Don't Add AI Chatbots to Your Product. Integrate AI Into Features and Workflows.

Yev Spektor

January 16, 2024

Everyone is rushing to jam AI into their projects in one of a few ways.

Add a chatbot. Turn your app into a glorified ChatGPT wrapper. Give the AI access to docs and settings so it can help users navigate your app and solve problems on their own, then tell customers they can ask the AI anything—“How many issues did my team close last week?,” say. It’s the quickest way to check AI off the feature list. Generally, we’re not a fan of this approach.

Our goal is to build a load test platform that makes it as easy as possible for developers and engineering teams to test their products—and if GPT could help do that better, building it in would be a clear fit. Yet every time we tried to build test suites with an LLM, something, inevitably, would be wrong. The AI output was generally not even close to what we needed, due in part to the chat being too open-ended. It is faster for me to write the test suite myself than to write the prompt to get AI to do it.

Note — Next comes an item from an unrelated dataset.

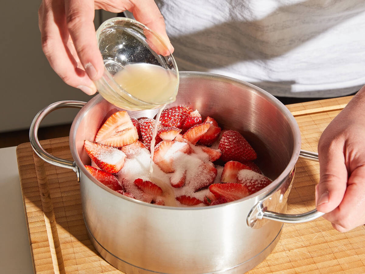 - Chuyển dâu tây vào nồi, trộn với đường và nước cốt chanh.
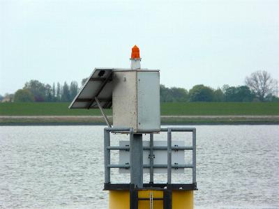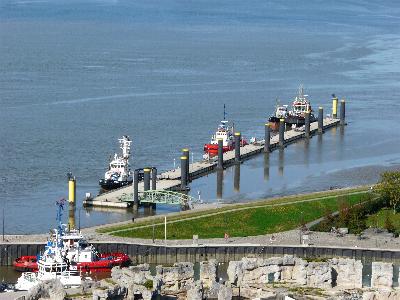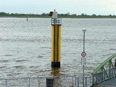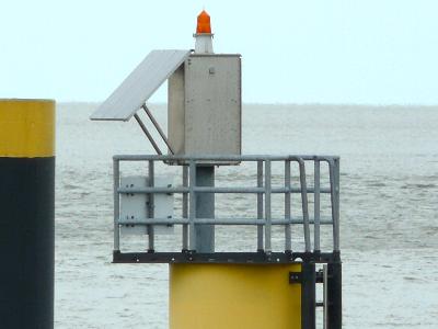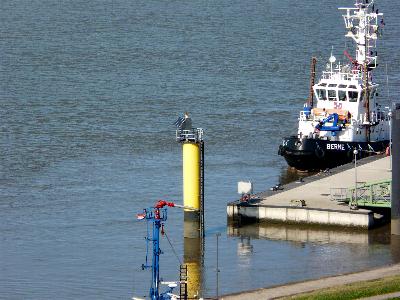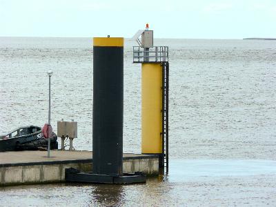 Bemerkung: Runde gelb gestrichene Stahlpylone im Grund des Flusses gerammt. Seitlich befindet sich eine Steigleiter, von der aus man auf die Plattform der Säule gelangt. Diese ist mit einem Handlauf umrandet. Am Handlauf befestigt ist ein weißer Schaltkasten, auf dem der orange strahlende Scheinwerfer sitzt, seitlich befindet sich ein Solarmodul zur Stromgewinnung. Dieses Feuer befindet sich sowohl auf der Nord- als auch auf der Südseite des Anlegers für die Schlepper. Der Schlepperanleger befindet sich direkt im Anschluß an der neuen Sportbootschleuse Bremerhavens.

We wanted to use AI to play a small, limited role that helped us build better software, faster. So we gave AI individual, specific, narrow jobs. Multiple doesn't have an open-ended chatbot. Instead, we’ve tactfully applied AI for specific use cases that play to AI’s strengths and avoid its shortcomings, tasks that would have been difficult to accomplish with traditional, rule-based programming.

The AI Trust Dilemma

LLMs have taken computing from always right to mostly right.

We trust code because it is binary. It works, or it doesn't. LLMs are anything but binary; they’re full of errors, hallucinations, questionable judgments, and flawed recommendations.

Chatbots are a lazy way to build interfaces, putting the hard decisions on the users instead of on the design and development teams. Users don’t know what to ask from an open-ended chat or what to expect from a new app’s AI feature. So they poke around to see what’s possible. But it’s difficult to get the same response every time with the same prompt, harder to get chatbots to solve your specific problem.

Every time the LLM is incorrect—which it will be, inevitably, as it’s writing answers by predicting the next word based on codecs of human knowledge—users lose trust in the AI. In the software where the AI lives. In computing, in general. The excitement of a new way to interact with an app is quickly replaced by a distrust of everything in it.

Building AI Guardrails

Imagine if Siri was sold as only a way to set timers by voice. It’d be hard for it to get things wrong, harder to complain over its capabilities.

Instead of giving AI a blank canvas, we are giving it a coloring book. We’re giving the user a coloring book, too. AI doesn’t know the limitations of the task, and where to stop; users don’t know the limitations of the input or what the output could be. With guardrails and guided, carefully defined inputs and outputs, both the user and the AI are set up for success.

Users will be more forgiving of mistakes when they’re involved in the output. They’re emotionally committed to the creation process, as they are when coding with GitHub Copilot. Even when something breaks, the value of the AI is clear, as it saved them 95% of the work. They only need to review the output and add final tweaks.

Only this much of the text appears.